Collaborating partners
- University of Ljubljana, Faculty of Computer and Information Science
- UL, Faculty of Fine Arts
Funding
- ARRS (P2-0214)
Project aims
Computer vision is becoming a focal problem area of artificial intelligence. In the past, a broader use of computer vision was hampered by image acquisition and by computer processing power, since image and video in particular require huge amounts of memory space and processing. In the past, therefore, problems were often limited to structured, well defined environment. The challenge of present computer vision research is to develop methods and systems which will be able to operate robustly in unstructured environments, where the types of possible objects, situations and tasks can not be defined in advance. We experience a true explosion of visual information. Visual information in digital form can be recorded by any user of a smart mobile phone in shared through Internet. Social networks are becoming more and more visually oriented. On the one side, there is a need for computer vision methods which run on mobile devices, on the other, desk top computers can increase their computing power using graphic processing units (GPU). Fast Internet connections open up the possibility to use remote computing services.
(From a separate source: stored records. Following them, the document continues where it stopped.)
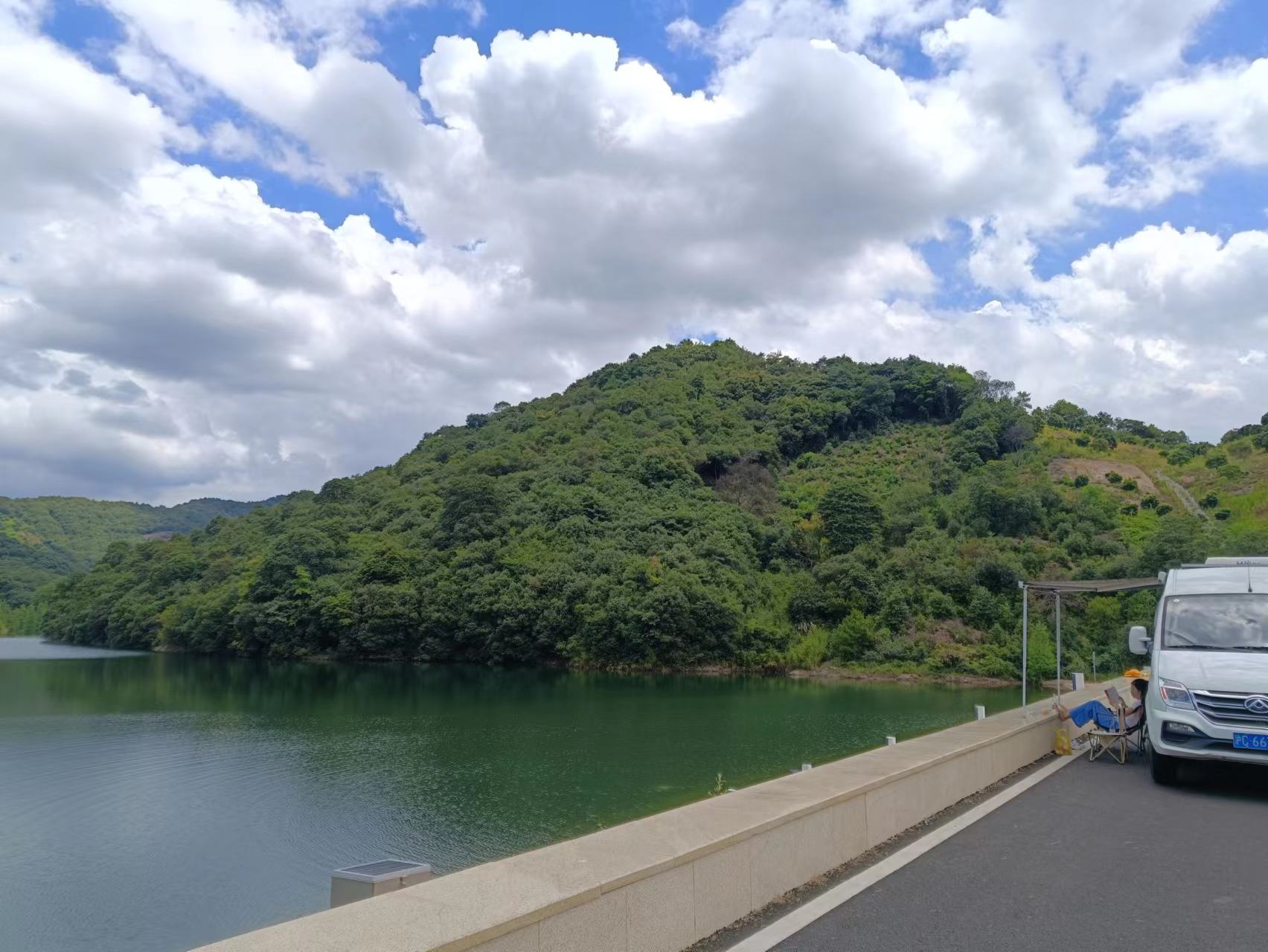 早上起床,老婆收拾自己,我就找找今天的去处,看地图离这不远有个状元岙水库,据说可以游泳玩儿水,不知道具体如何,只有几公里的距离,先去看看,车子开到,被眼前的景色给迷倒,蓝天白云下,青山环抱,湖水碧绿,泛起层层涟漪,这也太漂亮了吧,竟然还没什么人
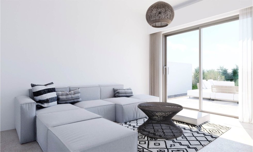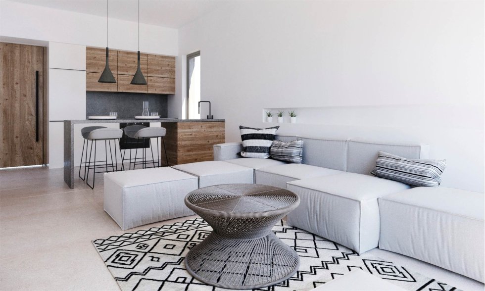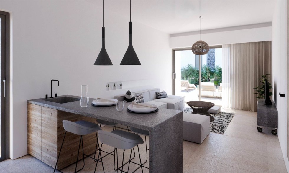 Areas from 63,29 sq.m: 2/3 bedrooms, 2 bathrooms, living room, kitchen, large private garden with pool.
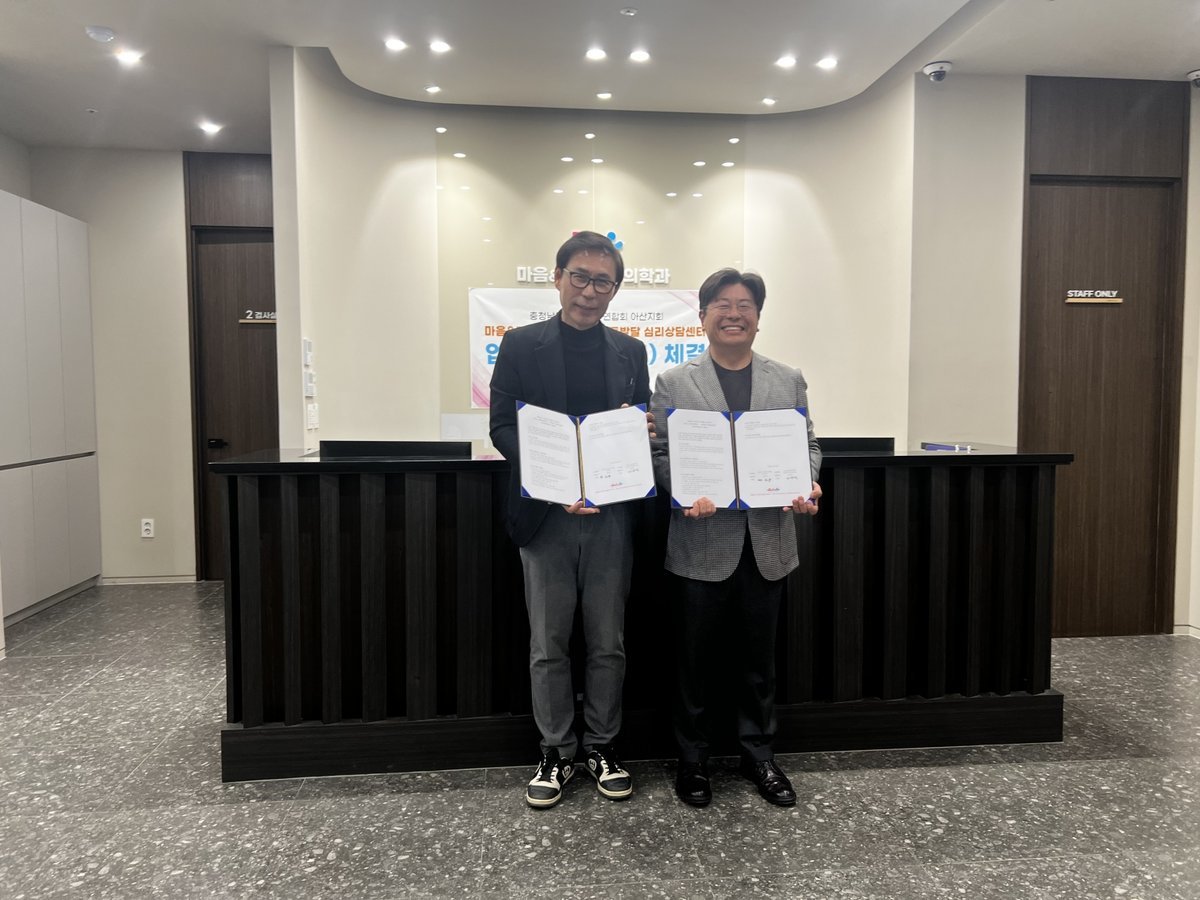 [충청25시] 충청남도어린이집연합회 아산지회와 마음&정신건강의학과의원 및 아동발달센터는 지난 12일 아산시 탕정면 소재 마음&정신건강의학과에서 지역 내 영유아의 건강한 성장과 조기 발달 지원을 위한 업무협약을 체결했다.
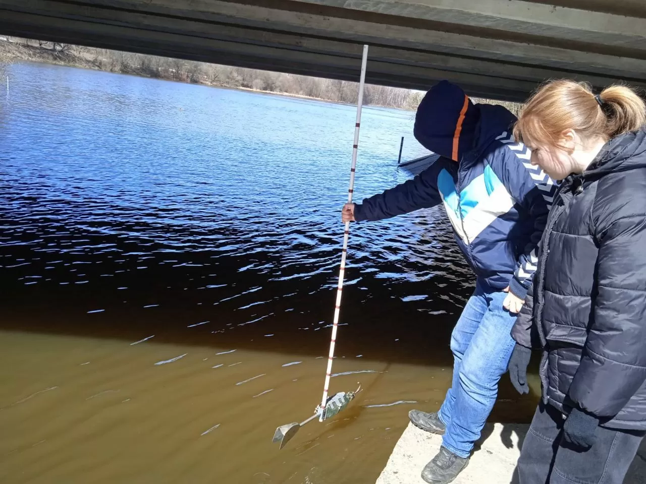 Отбор проб воды на р. Пехорка для исследования в лаборатории ГБПОУ МО «Гидрометеорологический техникум»
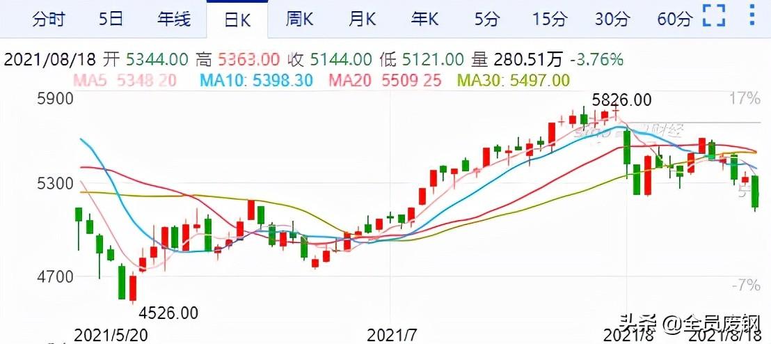 8月中旬以來(lái),期螺01合約從5600元跌到今天低點(diǎn)5125,累計(jì)下跌475元,鐵礦更是陰跌不斷。
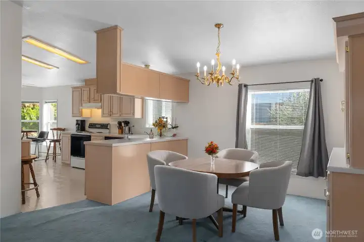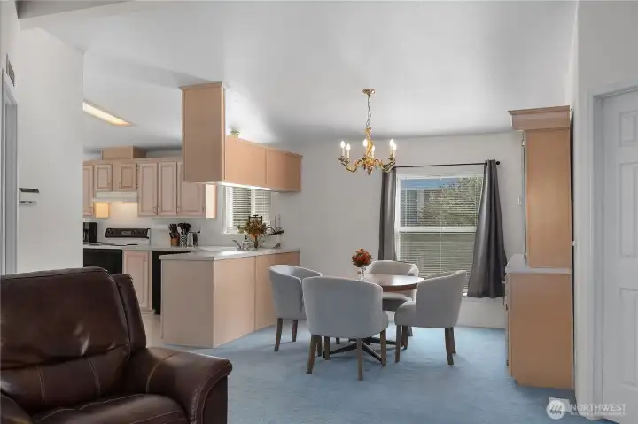Spacious 3 bed, 2 bath home in Tumwater's desirable Eagles Landing 55+ community. *Carpet Credit with accepted offer* Located on a quiet corner lot just minutes from shopping, dining, and services. Open floor plan features vaulted ceilings, maple cabinetry, and an eat in kitchen with sunny breakfast nook. Enjoy a large dining area, living room, and versatile den. The primary suite includes a soaking tub, separate shower, and ample closet space. Relax in the low-maintenance backyard with mature trees and private patio. Two-car garage adds extra convenience - perfect for easy living and entertaining.

Therefore, researchers are trying to solve harder and harder problem in the sense of fast and robust response to visual information coming from the environment. Machine learning, which was once a domain of symbolic oriented artificial intelligence, is becoming a requirement in computer vision, since only in this way, one can develop robust systems which can operate in unstructured environment. As the machine learning method of choice, deep, learnable models, such as CNNs are gaining pre-eminence. Parallel to development of a CNN based solution for segmentation and reconstruction of superquadrics from 3D point clouds, we would like to develop via transfer learning a CNN that could solve the same task based only on 2D intensity and color images. Since no other method exists for this task, which would be as fast as the proposed CNN-based solution, the proposed goal would be welcome in different application domains, where image processing in real-time is a must, but also where large clouds of 3D data points must be interpreted.
One of the main objectives of the research programme is to go beyond the supervised deep learning and to reduce the need for a large number of training samples. We will achieve this goal by developing several concepts related to the fundamental understanding of deep learning. We will focus on a novel formulation of the deep network structure and on the development of basic methods for semi-supervised, unsupervised, and reinforcement learning. We will address adversarial learning of generative deep networks and develop novel methods that incorporate compositional properties in deep models. Although the computer vision and deep learning community has started investigating approaches that do not require a huge number of labelled training data, the research field still predominantly relies on supervised learning, so that we expect that the results of the proposed research program will have a significant impact to the future development in this research area.
Programme structure and main research lines
- WP1: Visual tracking methodology and evaluation
- WP2: Vision and learning for autonomous robots
- WP3: Beyond classic deep learning
- WP4: Segmentation and modelling of 3D point clouds
- WP5: Biometrics
- WP6: User intefaces applying cameras
VCoS is mainly involved in work in WPs 1, 2, and 3.